Театральная история
Шрифт:
И сейчас, когда свет погас, а холод сгустился, на помощь тем, кто не верит в Бога, слетаются слова. Только они могут помочь нам сейчас, когда земля вот-вот скроет того, кто вызывал в нас столько любви.
Но мы, верующие, знаем о священном происхождении слов. И знаем, что каждый, кто творит, соприроден Господу нашему. И если в творческом порыве художник вступает в спор с Творцом, Бог наш смотрит на него с любовью. Как на дитя, которое только учится говорить, а потому произносит слова бессмысленные и нелепые. Но ребенка не остановить — он учится неустанно, и наконец начинает складывать слоги в слова, слова в предложения. А потом научается вкладывать в слова мысль и дух. Сергей
Отец Никодим поднял глаза на купол церкви — туда, где царил Бог Отец, которого так боялся Иосиф во время неудавшейся “театральной атаки”.
— Поэт неба и земли! Мы провожаем к Тебе одно из лучших Твоих созданий. Мы помним, что все мы — часть твоей бесконечно создающейся поэмы. Все мы — строки, буквы, частицы букв. И только Бог знает, когда наступает время одной из этих строк растаять. Но в великой Поэме Господа строки не исчезают. Его рукописи не горят. И сейчас слово, благодаря которому был создан Сергей, сияет в других мирах. Мы счастливы, что были подле, когда он сиял в нашем мире.
В нахлынувшей тишине Наташа и Александр крепче сжали ладони, а Сильвестр — зубы. Он подумал: “И снова не понимаю, почему этому талантливому лицедею и лицемеру не аплодируют”.
— Теперь я скажу, — не терпящим возражений тоном сказал режиссер.
Отец Никодим, не глядя на Сильвестра, ответил всем собравшимся:
— В церкви мирянам произносить речей не положено.
Пыл только что произнесенной им проповеди начал остывать. Глаза становились тусклее, мысли — земнее.
— Я скажу, — повторил каменным голосом Сильвестр, и отец Никодим почувствовал, что если не уступит, режиссер как-то страшно его опозорит.
На лице батюшки было написано: “Повинуюсь силе, и то лишь из уважения к усопшему”. Уступая место Андрееву, священник вдруг заметил плохо загримированную рану на лице Сергея. Сильвестр встал туда, где только что пребывал батюшка. Оглядел собравшихся — все были под глубоким впечатлением от слов отца Никодима. Качество наступившей тишины режиссер оценил сразу.
— Я понимаю ваше волнение. Речь прекрасная. Жесты, интонации — безупречны. Но я не прощаю того, кто сейчас так искренне, так нежно оплакивал Сергея. Более того — мне есть в чем его обвинить.
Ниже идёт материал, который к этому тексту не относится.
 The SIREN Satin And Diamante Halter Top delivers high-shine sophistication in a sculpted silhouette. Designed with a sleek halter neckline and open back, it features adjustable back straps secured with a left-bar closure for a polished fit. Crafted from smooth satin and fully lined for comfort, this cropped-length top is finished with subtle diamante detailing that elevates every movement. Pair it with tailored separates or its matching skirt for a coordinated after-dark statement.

— Да как вы смеете! — воскликнул дьячок Фома. Он был возмущен тем, что отец Никодим позволил говорить мирянину. И теперь этот допущенный до амвона режиссер позорит священника в доме Божьем.
Сильвестр не обратил никакого внимания на дьяконов крик.
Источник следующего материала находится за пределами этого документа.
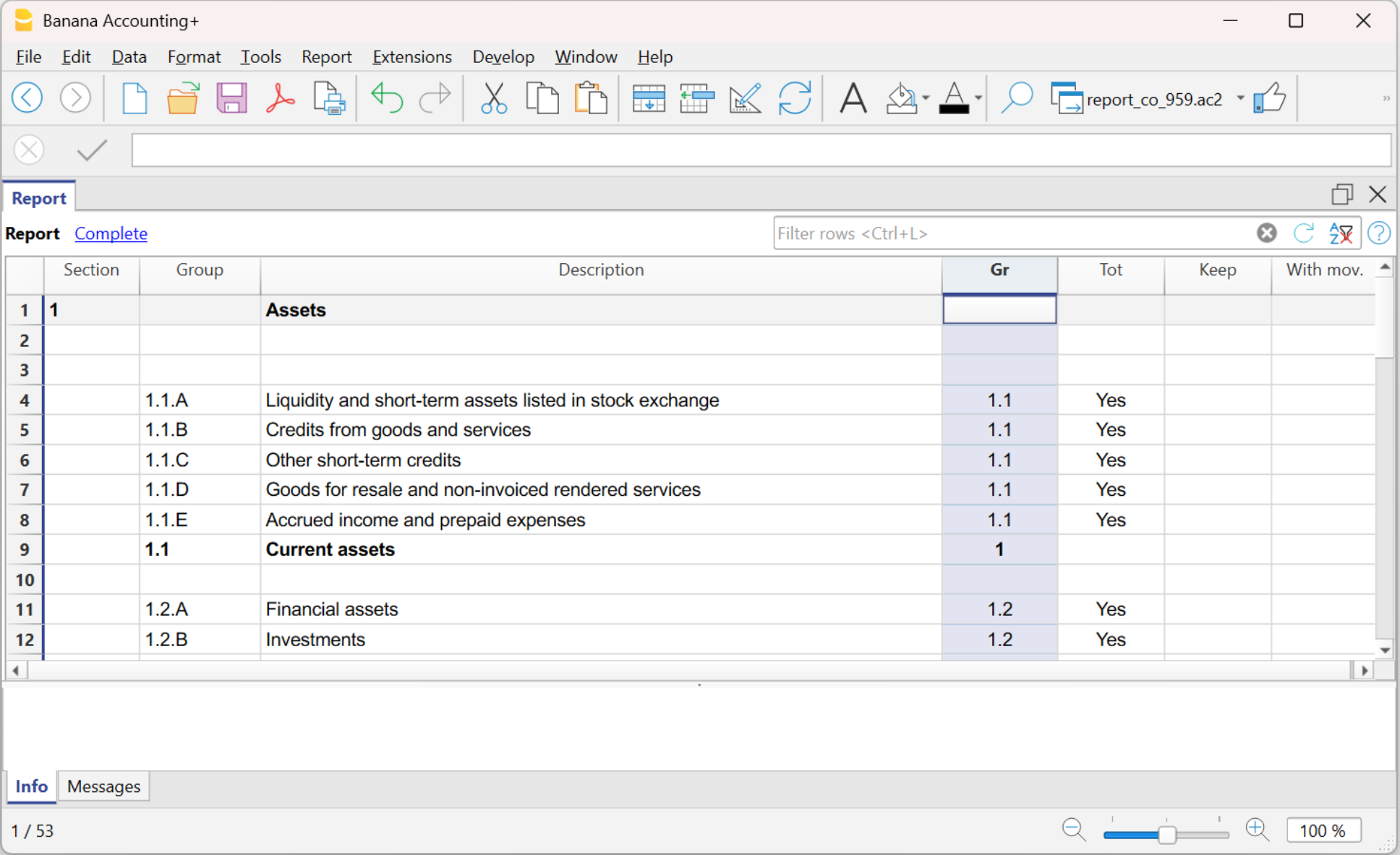 - Per ogni conto della tabella Conti, nel file della contabilità, nella colonna Gr1, abbinare la numerazione del gruppo di totalizzazione presente nel file Report contabile.

Вдруг из самой людской гущи взревел Балабанов:
— Я! Я! — Он обратился к Сильвестру голосом, не ведающим возражений. — Я должен выступить! Я написал стих! О люди! Крокодилы! Дайте волю моему стиху!
И Балабанов стал прорываться сквозь толпу. Казалось, что колоссальных размеров артист прорубает себе дорогу сквозь человеческую чащу. Он размахивал руками-саблями. Бешено вращал глазами. Еле сдерживал ругательства. От него несло алкоголем. Режиссер метнул в него грозный взгляд. Но это не произвело
на артиста никакого впечатления. Смерть Преображенского, “заявление об уходе” Сильвестра и триста грамм на гражданской панихиде сделали свое дело: Балабанов потерял страх. Мощным голосом артист возгласил:— Стих короткий… А я длинный… Для контраста говорю. Нас учили — контрастируй — и зритель твой… Высокое-низкое, громкое-тихое, короткое-длинное, я и стих… Я написал его даже не на смерть Сергея… На смерть другого, почти Сергея, да какая же вам разница! — взревел он. — Но стих подходит, подходит, о люди!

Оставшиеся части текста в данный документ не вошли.